I'm trying to extract a table with 7 columns of data.

In the table I'm trying to extract two columns share the same element name "CLASS:player-name" I have to apply a regular expression to that element name to remove additional data I do not need.

When I try to create a loop on the POS of the individual element when The script loops it uses the same player name for both columns in the csv file.

I've tried to get the script to use relative extraction and have had no luck.
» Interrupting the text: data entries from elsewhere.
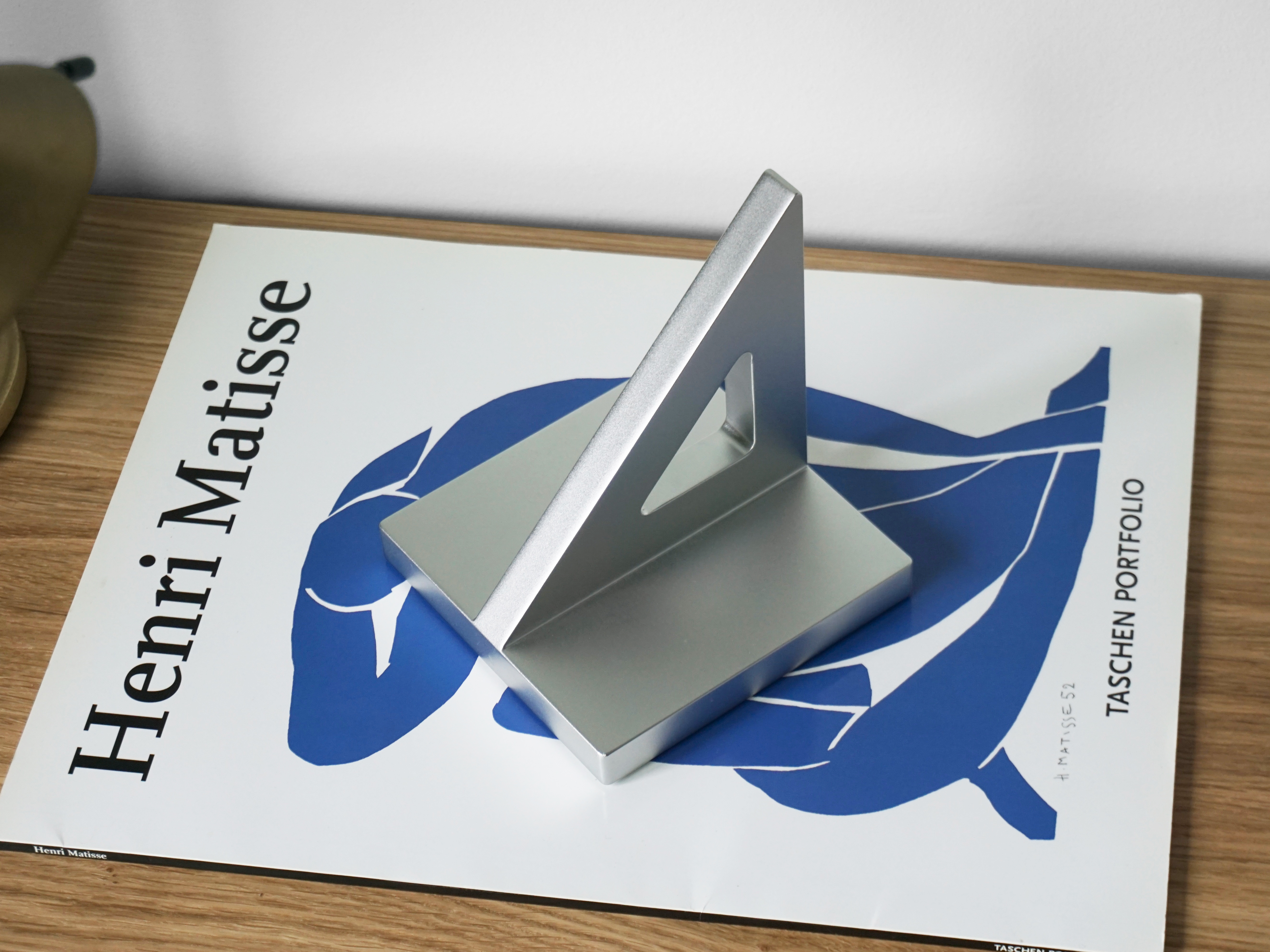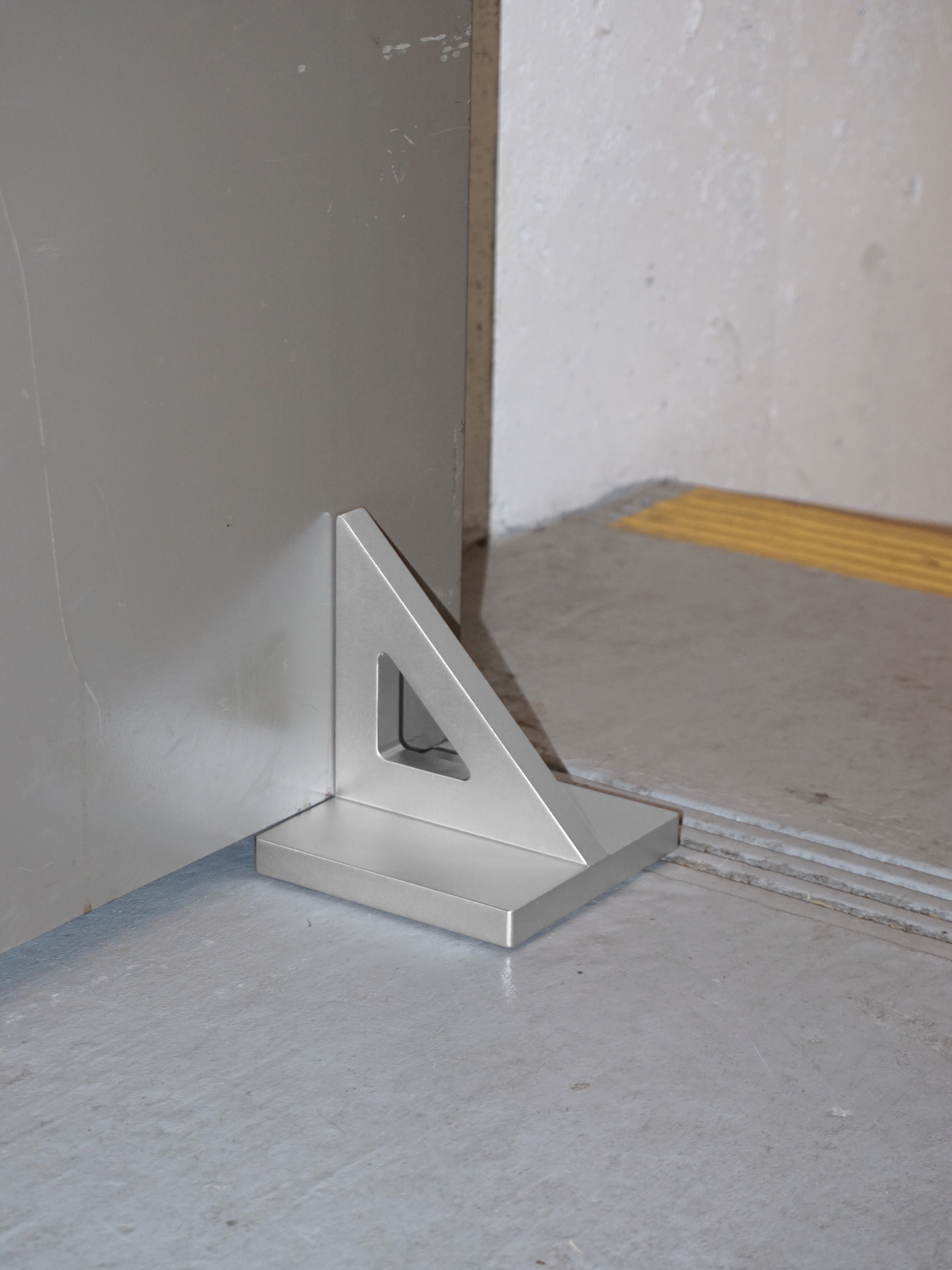 Square is a multi-functional home accessory for keeping books upright, papers flat and doors open. Based on the ever useful speed square, (also called a rafter square or layout square) it’s solid aluminum body, stable base, and perfectly square reference surfaces are ideal for keeping objects in place.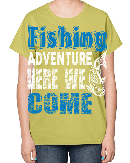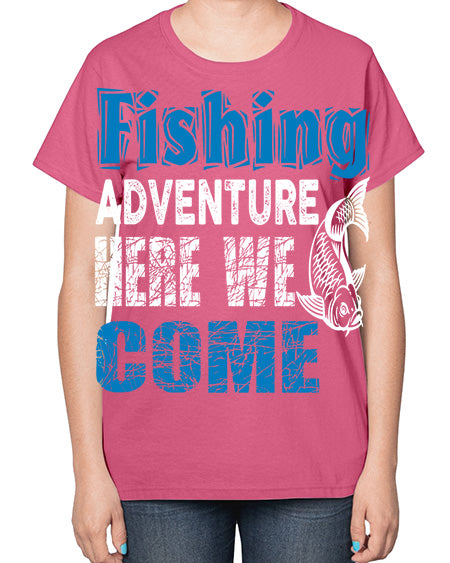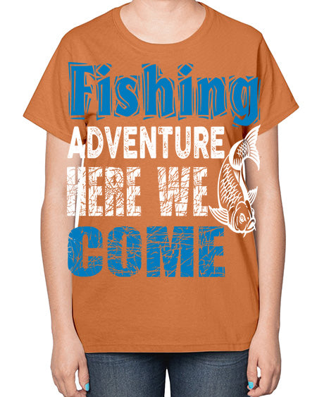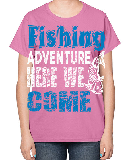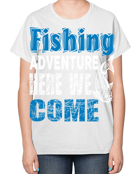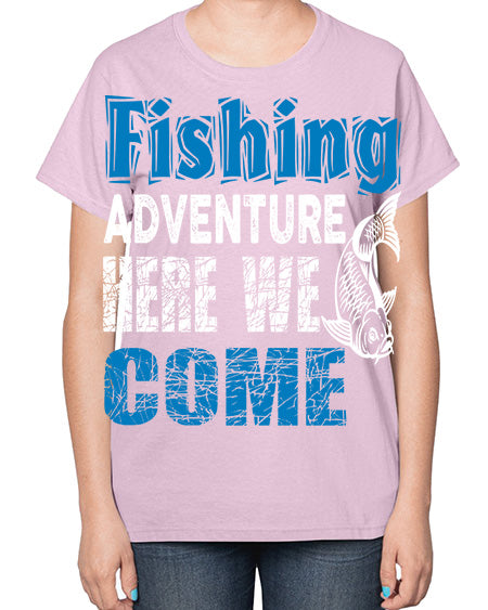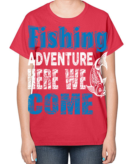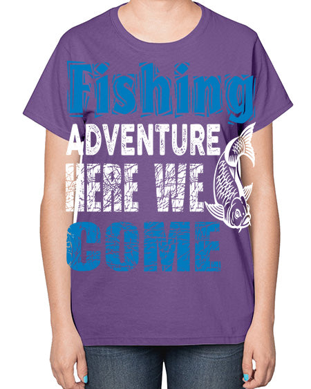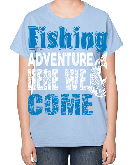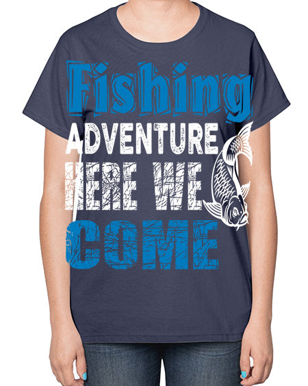 fishing adventure here we come png 79# - shark-fish- Ladies T-Shirt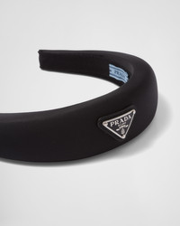 A sophisticated, hallmark accessory of the Prada collections, the oversized, rounded, snug headband is always reinterpreted in new ways. Featuring an iconic, enameled-metal triangle logo, it is made from Re-Nylon, a regenerated nylon yarn crafted from recycled, purified plastic materials recovered from the oceans, fishing nets and fabric fibers. For sustainable care to preserve the product's characteristics and reduce microfiber shedding, we recommend not washing the item too often. Let the product air out after every use and have it dry cleaned at a specialized ecological dry cleaners. - Product code: 1IH019_2DMI_F0002 - Enameled-metal triangle logo - Imported Height: 4cm MATERIALS Main material: Recycled polyamide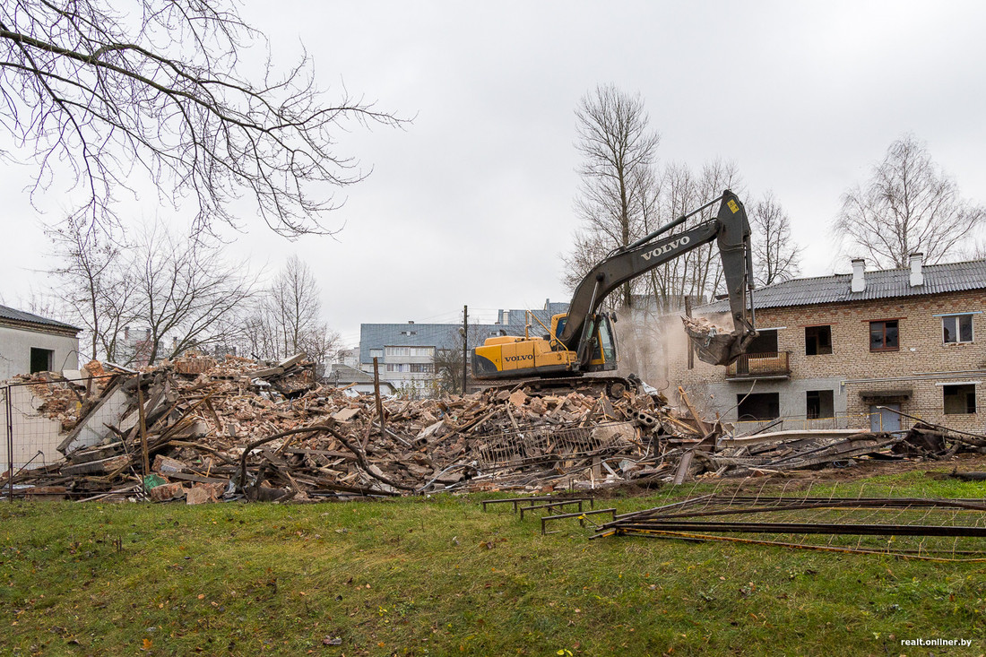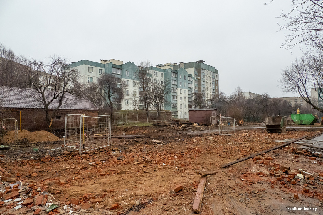 Пока на свободной площади рабочие взращивают первый дом и намечают второй (на 150 квартир), в другой части демонтажники борются со старыми постройками. Точнее, уже поборолись: дома №50, 58, 60 и 62, построенные в конце 1950-х — начале 1960-х, снесены. Следующая порция гектаров очищена. Так что очередникам есть на что рассчитывать: когда проект будет полностью реализован, Минск ждет «прирост» на 2413 квартир.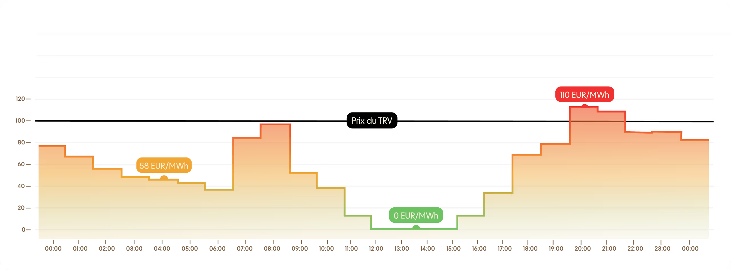 Visibilité totale : vous connaissez les prix de chaque heure du lendemain. Vous savez donc toujours à quel tarif vous consommez.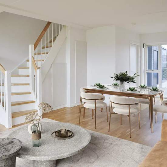 I Rodskov, tæt på Hornslet og kun 18 km nord for Aarhus, finder du dette attraktive 4-værelses rækkehus med plads til hele familien. Rækkehuset er i to plan og indeholder: • Stort køkken-alrum i åben forbindelse med stuen • To badeværelser. Et i stueplan og et på førstesal • Tre store lyse værelser med store vinduespartier Stue, køkken og gæstetoilet er beliggende i stueplan, mens de tre værelser samt husets andet badeværelse forefindes på 1. sal. Overalt i boligen er der gulvvarme. I køkkenet er der alt i hårde hvidevarer og på badev...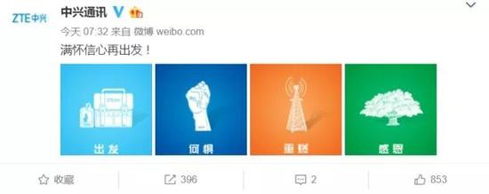 7月14日早间,中兴通讯官方微博发文称:满怀信心再出发。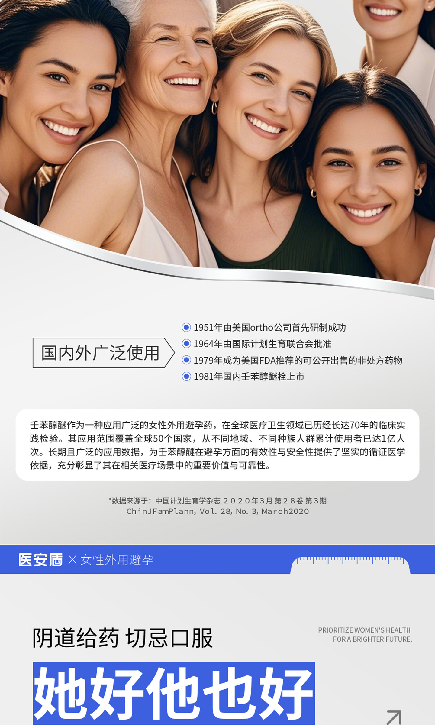 医安盾壬苯醇醚栓 100mg*4粒/盒外用避孕药无套零距离液体避孕套

Could some of the imacros wizards help me or point me in the right direction??

Cheers
TD


Code: Select all

VERSION BUILD=10022823
TAB T=1
TAB CLOSEALLOTHERS
URL GOTO=https://matchstat.com/tennis/all-upcoming-matches

TAG POS=3 TYPE=TD ATTR=CLASS:round EXTRACT=TXT
TAG POS=3 TYPE=TD ATTR=CLASS:event-name EXTRACT=TXT

TAG POS=5 TYPE=TD ATTR=CLASS:player-name EXTRACT=TXT
SET !EXTRACT EVAL("'{{!EXTRACT}}'.replace(/ \\(.+/gm, '');")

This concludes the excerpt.